We talk in this conversation about some math teaching at the Brooke Charter School, a network of four charter schools in Boston, and Chelsea, Massachusetts, because Boyd thinks they are doing a particularly excellent job teaching math. (Check out the math scores for their mostly low-income students, they are consistently way above the state average. Student scores also grow over time, unlike most school districts). Luckily for us, they have a pretty robust video library of how they are teaching math at different grade levels, so we can take a look at some examples of what they’re doing.
I’ve linked the videos within the interview so you can watch them and fully understand what we’re talking about.
I think you are going to get so much out of this interview on what it’s really like teaching math, and teaching teachers to teach it well. It’s a long but worthwhile read. Let’s get started.
The Bell Ringer: So let’s start with this fifth grade math class video from Brooke, they are learning a skill called ‘fraction of a set,’ and the teacher is using what they are calling “productive struggle” to try to get them to figure out the next level of problem.
First the teacher reviewed a problem from the day before, where the division of a set worked out evenly, to ensure all students understood the necessary prior knowledge. But then she moves on to a slightly harder problem, dividing fractions where it doesn’t work out evenly, and she wants them to reason their way to the answer. But importantly, she doesn’t just send them off on a quest—It looks to me like she’s doing what John Mighton would probably call guided inquiry. And this kind of “productive struggle” that is so heavily guided by the teacher looks like what the science of learning folks might call “effortful thinking.”

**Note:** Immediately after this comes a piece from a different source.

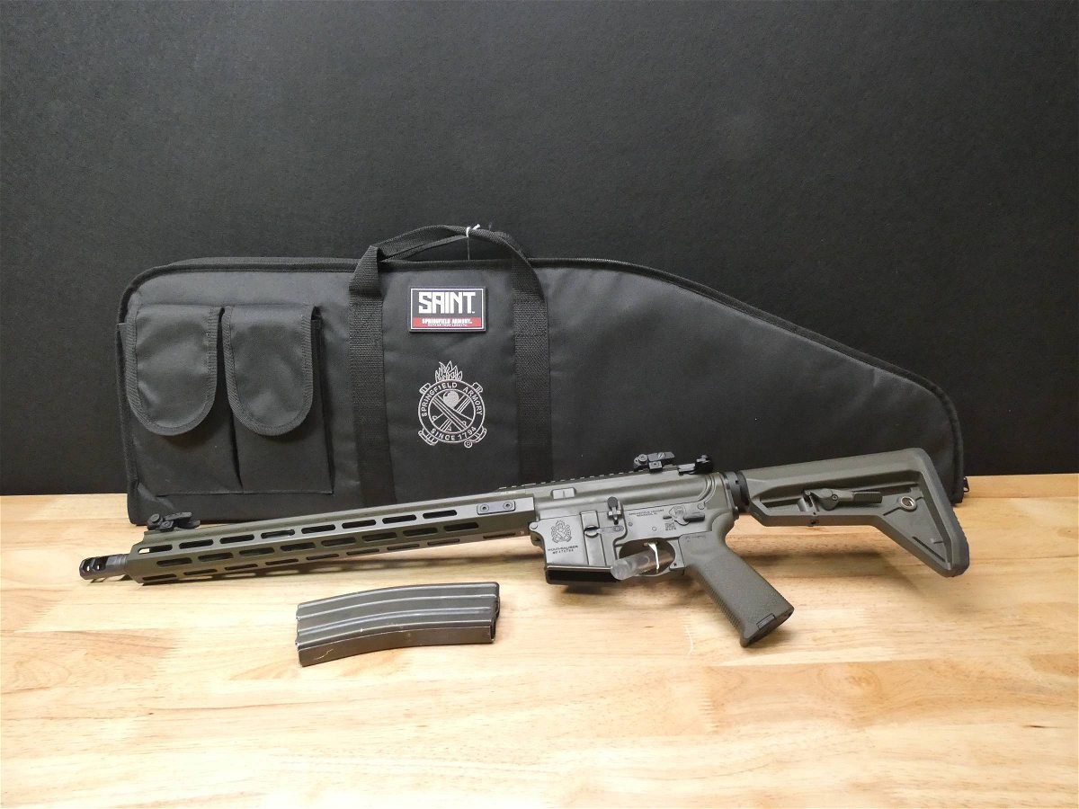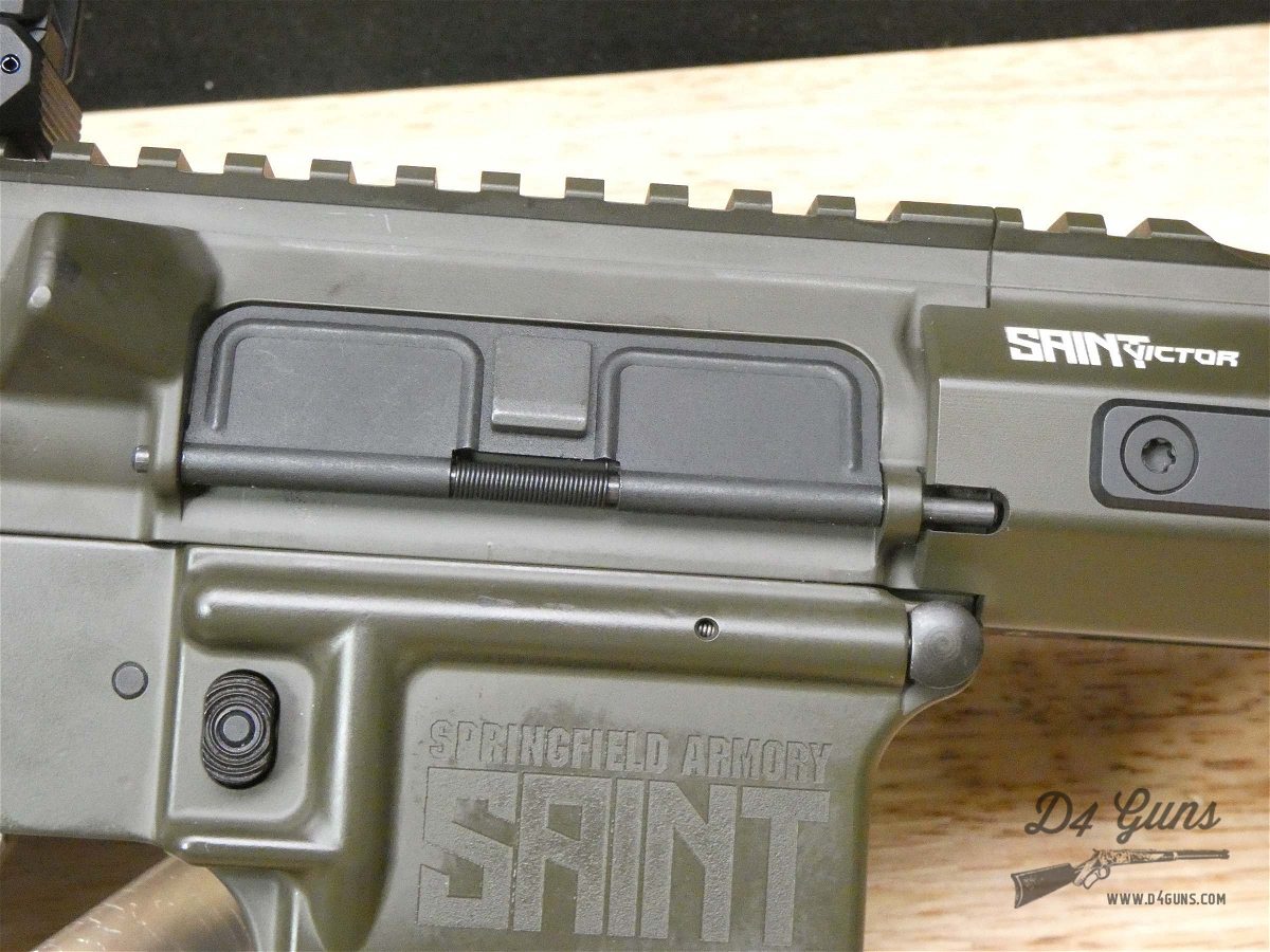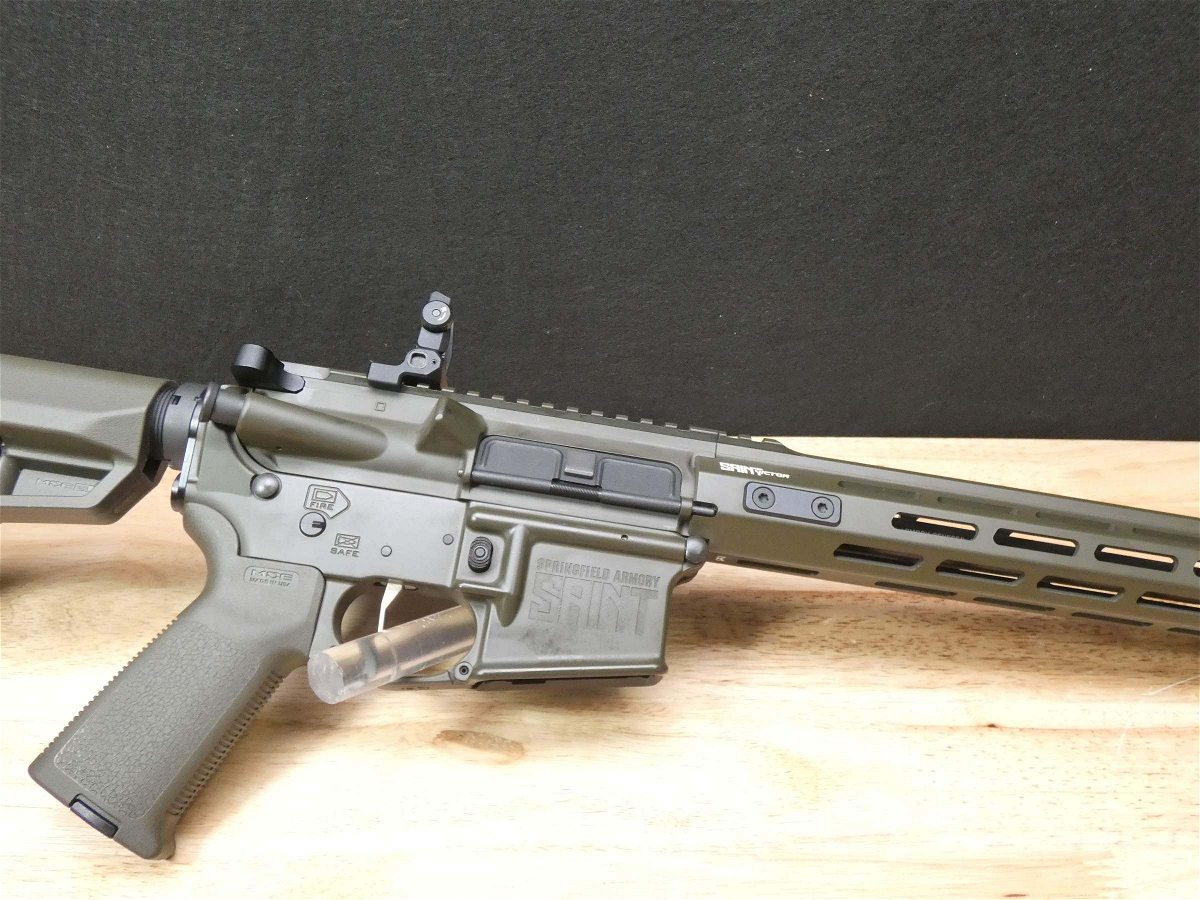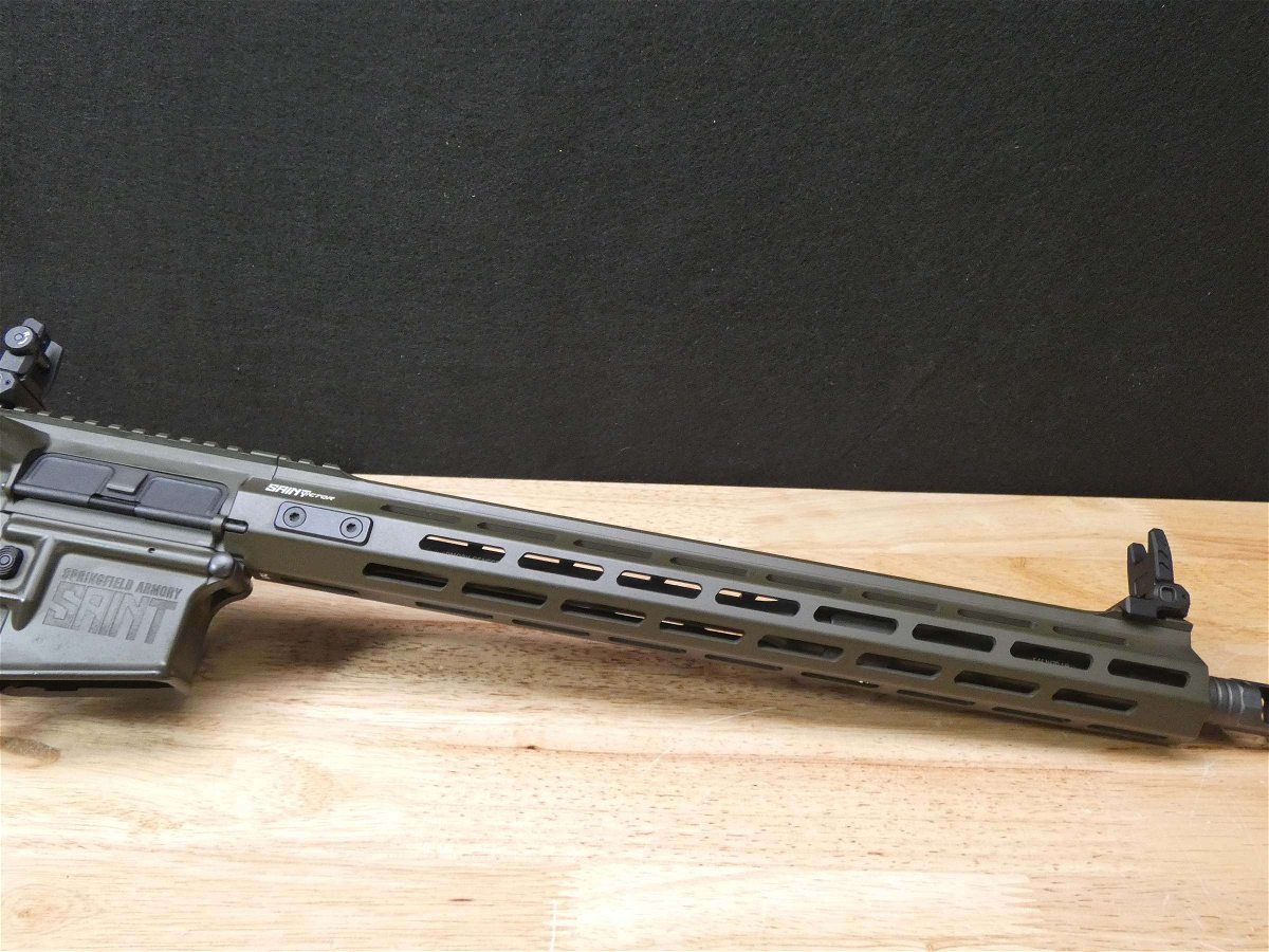 For sale is a Springfield Saint Victor semi-automatic rifle, multi-chambered in 5.56 NATO/ 223. Serial number – ST470794. This rifle is in great condition and comes with original soft case and (1) 30 round steel magazine. This Saint Victor has an OD Green finish with matching OD Green Magpul furniture. The Springfield Saint Victor rifle is "purpose built" and features a full-length 15 inch M-LOK rail to accommodate modern shooting styles, providing comfort for those who shoot with a thumb-over grip. An enhanced, nickel boron coated single-stage flat trigger ensures a grit-free pull for consistent accuracy. The Saint Victor Rifle comes outfitted with SA spring-loaded flip-up iron sights that are adjustable for windage and elevation. Also featured on this rifles is a newly designed SA muzzle brake eliminates barrel rise and softens recoil. Put your money where it matters, get a Springfield Saint Victor. V1-I1 Barrel Length: 16 Bore condition: Excellent

Neily Boyd: So many conversations on productive struggle just stop before they get anywhere, because people are not using the same definition for the same term. I’ve been in classes when the students didn’t have the prior knowledge to access the task in front of them and the teacher said, “I need to let them do this, this is productive struggle.” And in that case I would say, ‘No, this is not productive struggle, I would call it unproductive struggle, this isn’t going to produce anything.’ I often talk to teachers about, what does a struggle need to actually be productive? It needs a path forward.

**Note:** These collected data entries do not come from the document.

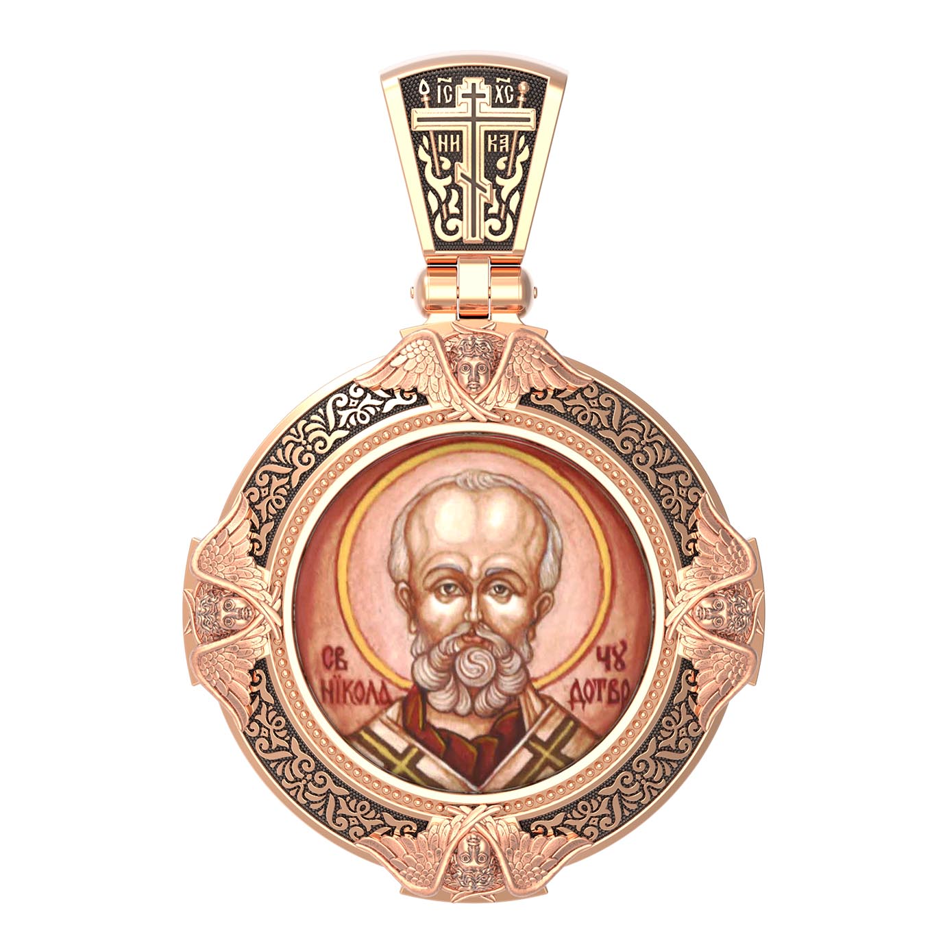 Нательная икона из красного золота 585 пробы c эмалью, иконописью и темперой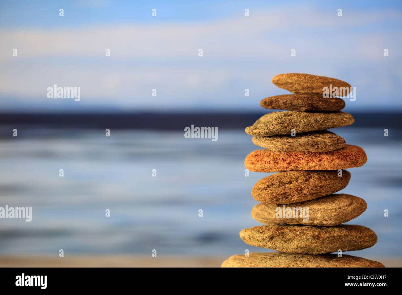 Zen Sassi Accatastati Sul Cielo Blu E Lo Sfondo Del Mare Foto Stock Alamy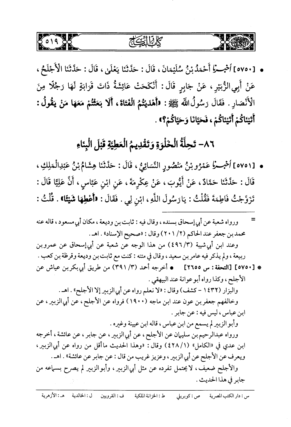 5750- أَخبَرنا أَحْمَدُ بنُ سُلَيْمَانَ، قَالَ: حَدَّثنا يَعْلَى، قَالَ: حَدَّثنا الأَجْلَحُ، عَن أَبي الزُّبَيْرِ، عَن جَابِرٍ، قَالَ: أَنْكَحَتْ عَائِشَةُ ذَاتَ قَرَابَةٍ لَهَا رَجُلاً مِنَ الأَنْصَارِ، فَقَالَ رَسُولُ اللهِ صَلى الله عَلَيهِ وسَلم: أَهْدَيْتُمُ الفَتَاةَ أَلا بَعَثْتُمْ مَعَهَا مَنْ يَقُولُ:

With the fifth grade lesson in the video, look at the level of intentionality that you see there. Their warm up problem was one that activated the knowledge from yesterday. It works out evenly, right?
The Bell Ringer: Rosenshine would love that.
Neily Boyd: [laughs] Exactly right.
The Bell Ringer: There are two things I thought about as I was watching. First of all, she has carefully planned out every single step of teaching this. Number two, the kids are fluent with how to divide quickly in their head and all that stuff.
Neily Boyd: The teacher makes sure they've gone over it as a class, that everybody understands this warm up problem first. Now that's right there in your brain, all we do is add one new step to it— but you have to have enough procedural fluency with calculations, with fractions, to start to make sense of the problem.
Did you see how fast students went from one-fourth to .25? One kid said ‘You split it into four, because I need four groups. We take this one whole chocolate bar, we split it into four, so then each part is .25.’
It’s important to note that a lot of the work in the lesson can't be done if kids are struggling to divide right in their head, or they don't understand how all the numbers fit together.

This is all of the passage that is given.